Working data:
'''
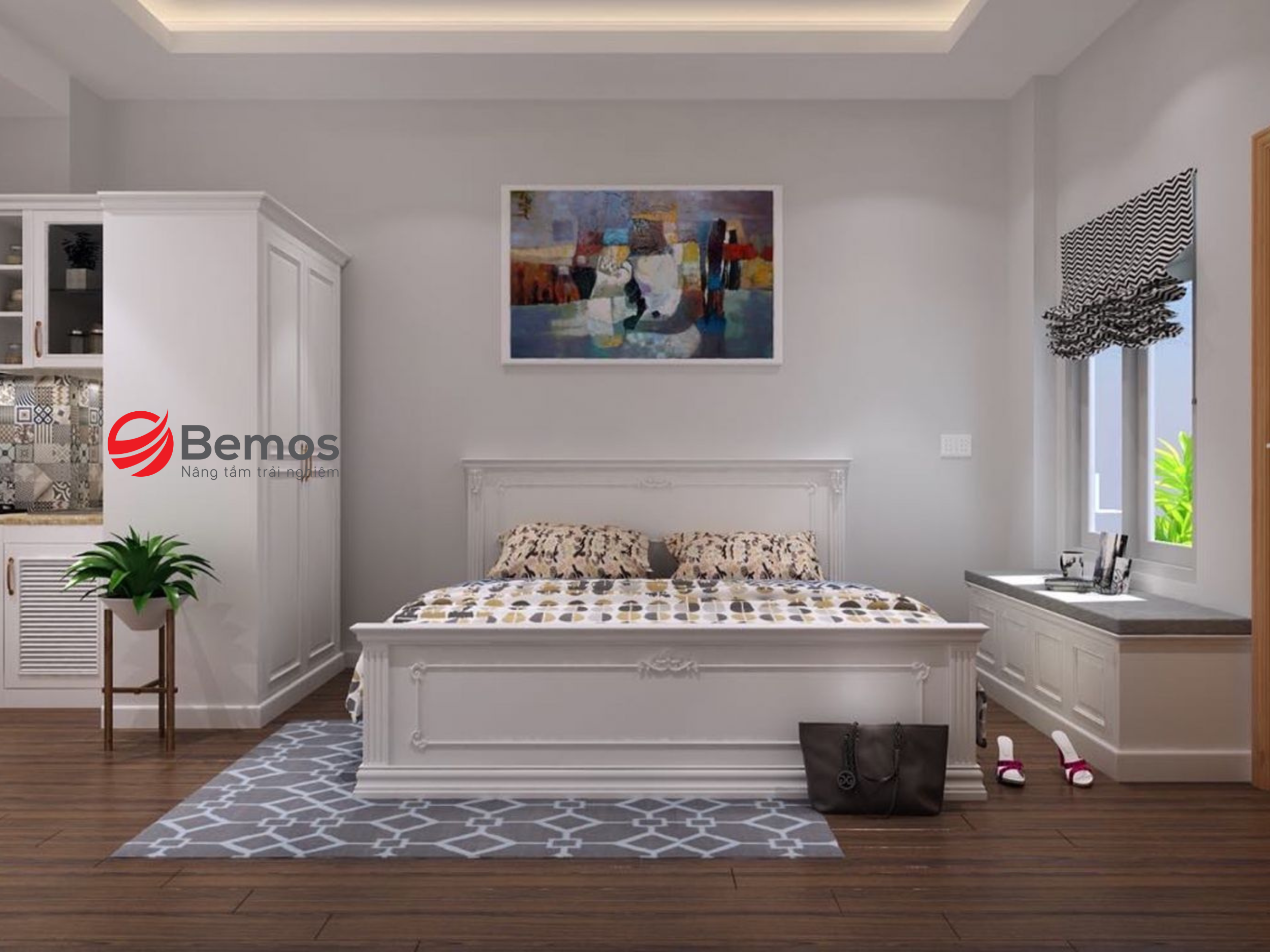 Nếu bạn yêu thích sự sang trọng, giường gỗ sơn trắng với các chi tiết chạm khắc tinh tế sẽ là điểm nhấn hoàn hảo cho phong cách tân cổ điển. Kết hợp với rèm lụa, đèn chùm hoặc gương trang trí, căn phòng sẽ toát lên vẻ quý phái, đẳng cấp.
'''
'''
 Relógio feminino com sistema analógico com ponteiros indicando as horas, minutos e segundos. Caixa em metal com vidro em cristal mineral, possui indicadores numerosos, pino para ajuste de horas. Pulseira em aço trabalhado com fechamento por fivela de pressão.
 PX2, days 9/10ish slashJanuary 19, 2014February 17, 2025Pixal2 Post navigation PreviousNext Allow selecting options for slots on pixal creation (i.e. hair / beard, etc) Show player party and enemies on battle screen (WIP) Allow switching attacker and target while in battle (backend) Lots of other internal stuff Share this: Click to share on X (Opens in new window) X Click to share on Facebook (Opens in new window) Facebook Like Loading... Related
'''
Exercise details:
Using the data above, print exactly the lines from the line that contains "Relógio feminino com" through the line that contains "PX2, days 9/10ish", with both included.

Your solution:
 Relógio feminino com sistema analógico com ponteiros indicando as horas, minutos e segundos. Caixa em metal com vidro em cristal mineral, possui indicadores numerosos, pino para ajuste de horas. Pulseira em aço trabalhado com fechamento por fivela de pressão.
 PX2, days 9/10ish slashJanuary 19, 2014February 17, 2025Pixal2 Post navigation PreviousNext Allow selecting options for slots on pixal creation (i.e. hair / beard, etc) Show player party and enemies on battle screen (WIP) Allow switching attacker and target while in battle (backend) Lots of other internal stuff Share this: Click to share on X (Opens in new window) X Click to share on Facebook (Opens in new window) Facebook Like Loading... Related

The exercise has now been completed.